I was asked to help with one of the strangest Golitsin serials which ran into the dust at this time, the Sokolov Grant affair. In many ways it was typical of the difficulties we faced in dealing with his debriefing material. Golitsin said that a Russian agent had been introduced into Suffolk next to an airfield which had batteries of the latest guided missiles. He was sure the agent was a sleeper, probably for sabotage in the event of an international crisis. We contacted the RAF and pinpointed Stretteshall, near Bury St. Edmunds, as the most likely airfield. We then checked the electoral roll in the area around Stretteshall to see if we could find anything interesting. After a few days we came across a Russian name, Sokolov Grant. We cross-checked wit
h the Registry and found that he had a file. He was a Russian refugee who had arrived in Britain five years before, married an English girl, and taken up farming on rented land near the airfield.

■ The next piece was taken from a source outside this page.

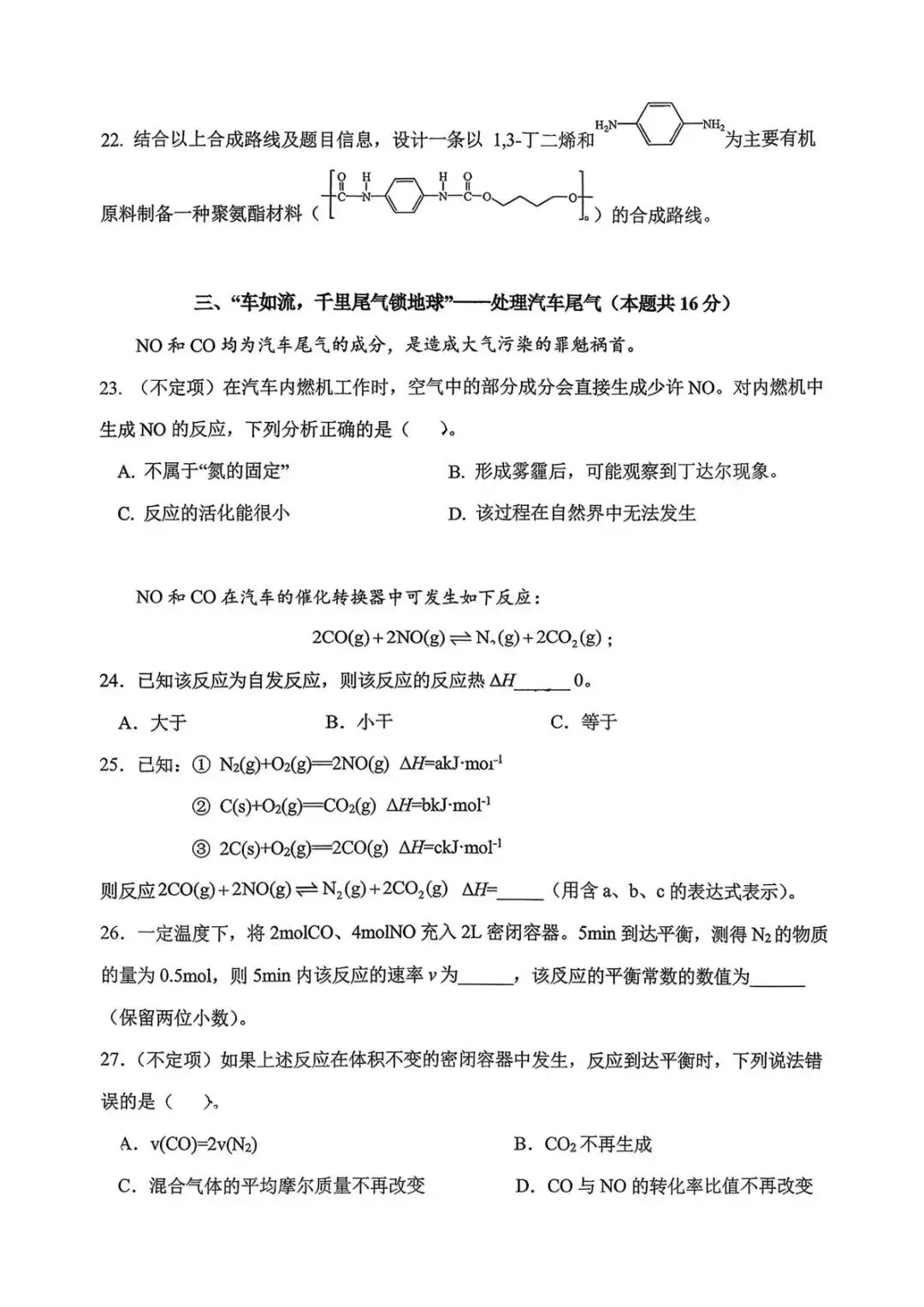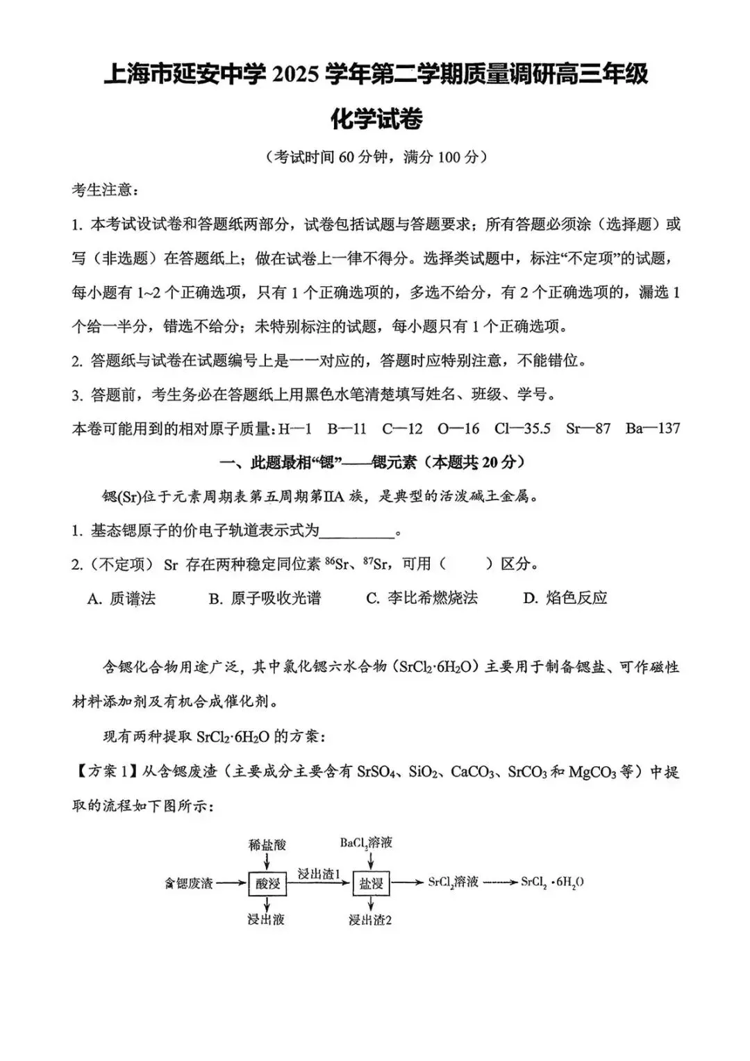 >【SH高中四校八大试卷群更新】上海市延安中学2025-2026学年高三下学期3月质量调研化学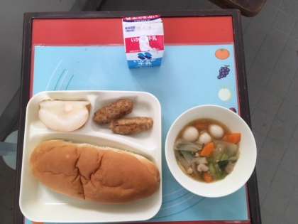 今日の献立は、あげギョーザ、中華煮、なし(豊水)、おさつパン、牛乳 です。

The case was handed over to Charles Elwell for investigation. Letter and telephone checks were installed and inquiries made with the local police, which drew a blank. I was asked to make a search of his house, when Sokolov Grant and his wife went up north for a holiday, to see if there was any technical evidence which might incriminate him. I drove up to Bury St. Edmunds with John Storer, a short, gray-haired, smiling man from GCHQ's M Division who worked on Counterclan, arranging the RAFTER plane flights, and analyzing the RAFTER signals. Sokolov Grant lived in a pretty Queen Anne red-brick farmhouse which was in a state of some disrepair. From the back garden you could see the end of the runway stretching across the swaying fields of barley. The scene seemed so perfect, so idyllic, it was hard to be suspicious. But that was the thing which always struck me about espionage: it was always played out in such ordinary humdrum English scenes.

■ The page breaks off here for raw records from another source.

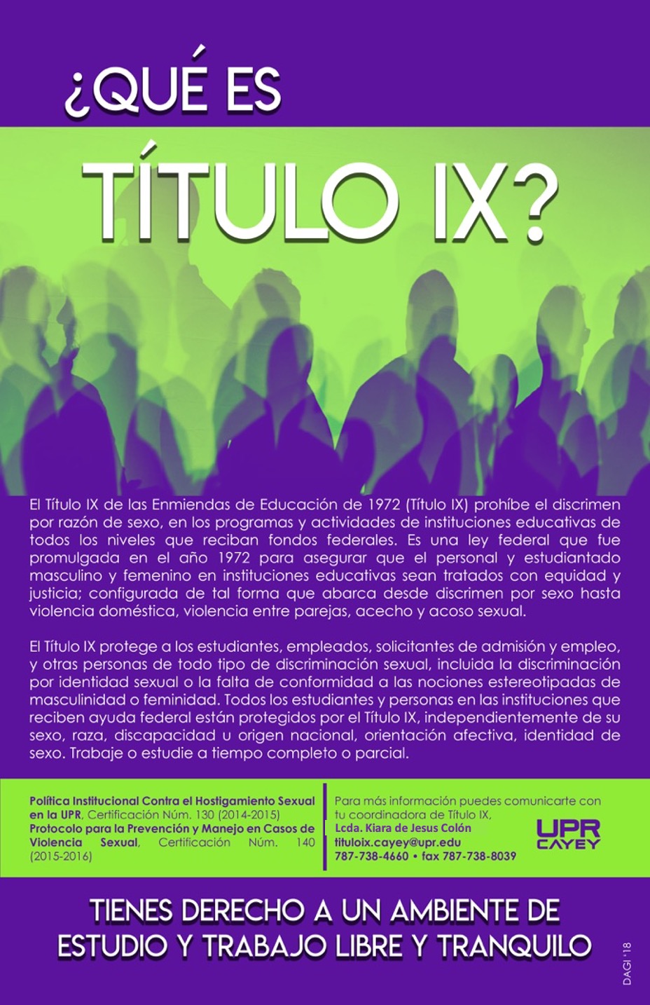 El Título IX de las Enmiendas de Educación de 1972 es una ley federal que prohíbe la discriminación basada en género o sexo en cualquier programa o actividad educativa, protege a estudiantes, personal docente y no docente. El discrimen por sexo puede incluir hostigamiento sexual, acecho, violencia doméstica, violencia entre parejas o agresión sexual.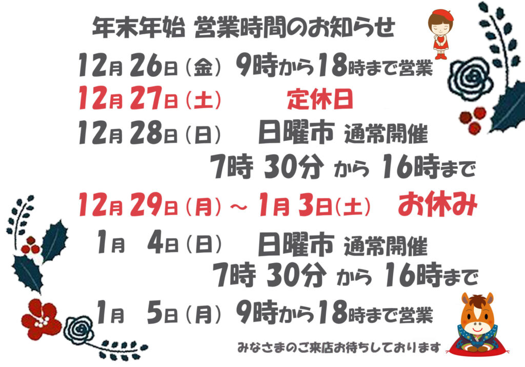 本日は 毎年恒例の 年末年始 営業時間のお知らせになります♪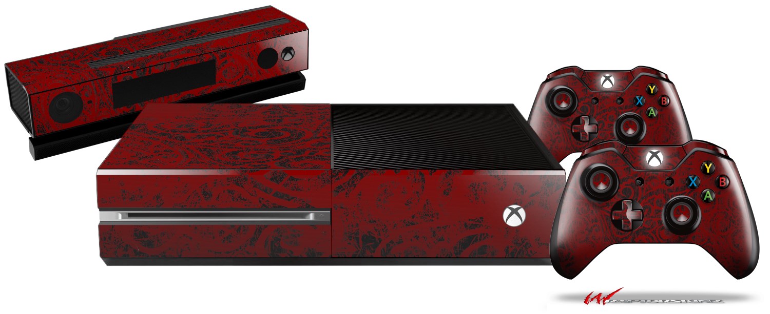 Folder Doodles Red Dark - Holiday Bundle Decal Style Skin fits XBOX One Console Original, Kinect and 2 Controllers (XBOX SYSTEM NOT INCLUDED)

John Storer went off to search the farm buildings for signs of clandestine radio systems, while I slipped the catch and went inside the house. The house was unbelievably untidy. All along the corridors and passageways piles of junk lined the walls. Books were stacked up in mounds in the downstairs rooms. At first I thought perhaps they were moving house, until I noticed the thick layer of dust on top of everything. In the backroom study stood two desks side by side. The one on the left was a huge roll-top desk crammed so full that it could not be closed. The one on the right was a small bureau. I opened the flap, and it was completely empty. I slid the drawers out. They were empty too, with not a trace of dust. The whole thing had obviously been emptied recently. I sat for a moment in a polished Windsor chair staring at the two desks, trying to make sense of one so full and the other so empty. Had the contents of one been transferred into the other? Or had one been emptied, and if so why? Was it suspicious, or was it just what it seemed - an empty desk in a junk-infested house?